Dark Horse (1974)

1. Hari's on Tour (Express) 2. Simply Shady 3. So Sad 4. Bye Bye Love 5. Maya Love 6. Ding Dong, Ding Dong 7. Dark Horse 8. Far East Man 9. It is "He" (Jai Sri Krishna)


Quite possibly the worst solo album of any member of The Beatles. What's really sad is that it sounds like that just might be the intention - or at least that George wasn't really going to do anything to improve it while he was in the studio.

It must be stated that back in the time, record albums weren't necessarily always produced with the idea that they would be around forever. In many cases they were looked at as dispensable, or in this case, an excuse to go on tour. The whole album is belittled by bad songwriting, bad performances, bad ideas, bad concepts and even bad singing. George sounds on some songs that he's fighting a bad cold and needs to go back to bed. Many years later, no artist nor record company would dare think about recording an album where the singer can't even sing.

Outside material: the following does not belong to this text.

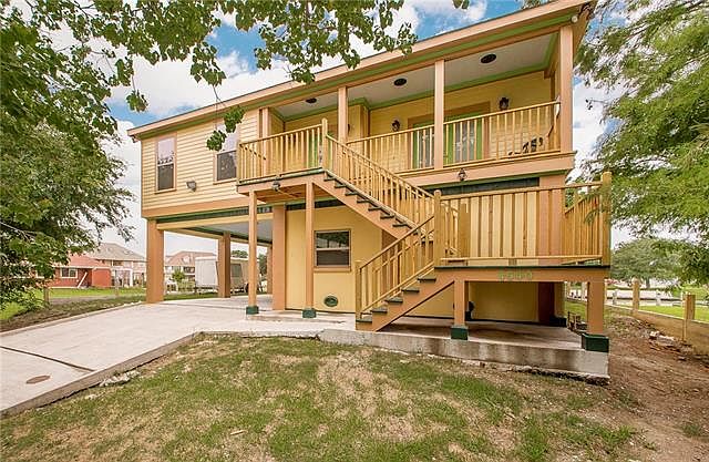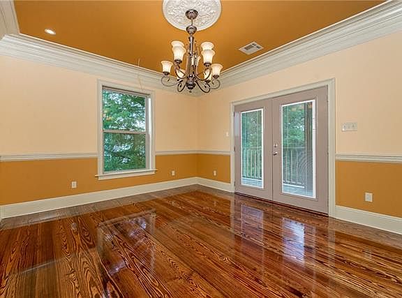 Beautiful brand new construction waterfront retreat; elegant dining room w/pocket doors; triple crown moulding in living areas; expansive living room w/built-ins, extensive woodwork; dream kitchen w/breakfast bar; glistening pine wood floors & tile throughout! Spacious master; balcony; boat dock; covered area downstairs great for entertaining; huge garage/storage area; water navigable to the lake! 90% complete - still finishing master bath, fireplace, loft; range, microwave & dishwasher to be included.

It's been well documented that Harrison was heavily into Eastern Mysticism throughout his solo career, and the early seventies seemed to be when he was in it the deepest. That shouldn't necessarily be a determent though, when you consider that we were inflicted by this same message on his first two solo albums. No, the problem here is that everyone sounds as if they're going through the motions. The very first track, Hari's on Tour (Express) is a prime example of things starting off very wrong. This is an instrumental track that doesn't sound like it should be an instrumental track. In other words, it sounds like the vocals were removed after the song was completed. It's not too difficult to imagine why since the vocals that are on the album are so poor. What's the real tragedy is that this song ends up being the best thing on the album.

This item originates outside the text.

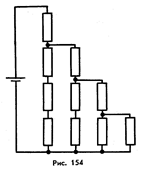 981. Определите падение напряжения на подводящих проводах и их сопротивление, если на зажимах лампочки, имеющей сопротивление 10 Ом, напряжение 1 В, ЭДС источника 1,25 В, его внутреннее сопротивление 0,4 Ом. 982. ЭДС сухого элемента 1,5 В. Ток короткого замыкания равен 30 А. Чему равно внутреннее сопротивление элемента? Каким будет напряжение на его полюсах, если замкнуть элемент на катушку сопротивлением 1 Ом? 983. Чему равно внутреннее сопротивление аккумуляторной батареи с ЭДС 6 В, если ток короткого замыкания равен 300 А? Каково напряжение на зажимах этой батареи, если она в стартере автомобиля сопротивлением 0,04 Ом дает силу тока 100 А? 984. Электрическая схема составлена из двух параллельно соединенных резисторов сопротивлением 40 Ом и 10 Ом и подключенных к зажимам аккумулятора, ЭДС которого 10 В. Сила тока в общей части цепи равна 1 А. Найдите внутреннее сопротивление аккумулятора и ток короткого замыкания. 985. Динамомашина питает током 100 ламп, соединенных параллельно и имеющих сопротивление 1200 Ом каждая. Лампа рассчитана на напряжение 220 В. Сопротивление линии 4 Ом. Внутреннее сопротивление машины 0,8 Ом. Найдите ЭДС машины и напряжение на ее зажимах. 986. К полюсам батареи с ЭДС 120 В и внутренним сопротивлением 10 Ом подключены два параллельных провода сопротивлением 20 Ом каждый. Свободные концы проводов и их середины соединены друг с другом через две лампочки сопротивлением 200 Ом. Найдите силу тока, текущего через батарею.

It's debatable what the worst thing on the album is. There are so many prime contenders. My vote would have to be for the atrocious, almost unrecognizable cover of Bye Bye Love which actually features backing vocals from his ex wife - along with Eric Clapton - the man she ran off with in the first place. O.K., well, at least George was demonstrating his forgiving nature.

It also probably didn't help that he produced the album by himself. Had he had a professional person behind the controls, such as a Phil Spector, maybe the songs could have come across as slightly better. Maybe.